Work hard on giving something new for the audience to chew on. Without
interesting content the audience will tune out no matter how well you
structure the talk.

------
julienchastang
Toastmasters International was mentioned in the article. I just finished my
Toastmasters “competent communicator” a few months ago. Here are some of my
tips for public speaking in general:

1\. Breathe! This is easier said than done when you are caught in an anxiety
driven feedback loop where your breadth gets more shallow making you even more
anxious. Halt this process by taking deep breadths.

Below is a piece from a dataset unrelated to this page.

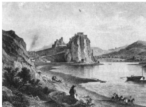
Dobový pohľad na Devín
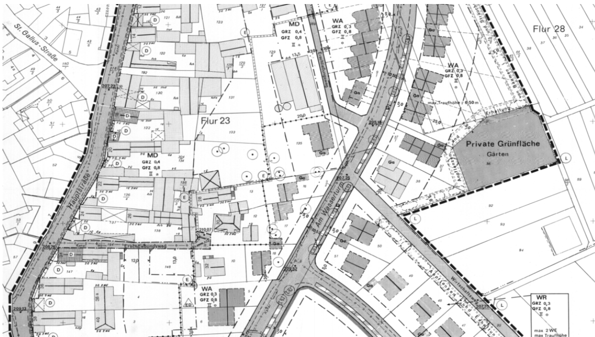
Ausschnitt aus dem Bebauungsplan

Erstellt: Stadtplanungsamt Gustav-Stresemann-Ring 15 65189 Wiesbaden stadtplanung@wiesbaden.de

2\. Limit caffeine. Caffeine exacerbates feelings of anxiety especially in
public speaking scenarios.

3\. Beware of ruminating and catastrophic thoughts. You don't need to fight or
eliminate them. In fact, doing so may make anxious feelings worse. But in a
kind and compassionate manner towards yourself, just acknowledge they are
there and the role that anxiety may play in those negative thoughts. Moreover,
if you really do screwup the presentation, with some time no one will
remember. We can recall great speeches but rarely terrible ones.

4\. Attend a local public speaking club such as toastmasters (plug here for
Speakeasy II here in Boulder, Colorado). Regularly speaking in front of
audiences will take you through the desensitization process and over time
giving a speech in front of a group of people will seem not so scary.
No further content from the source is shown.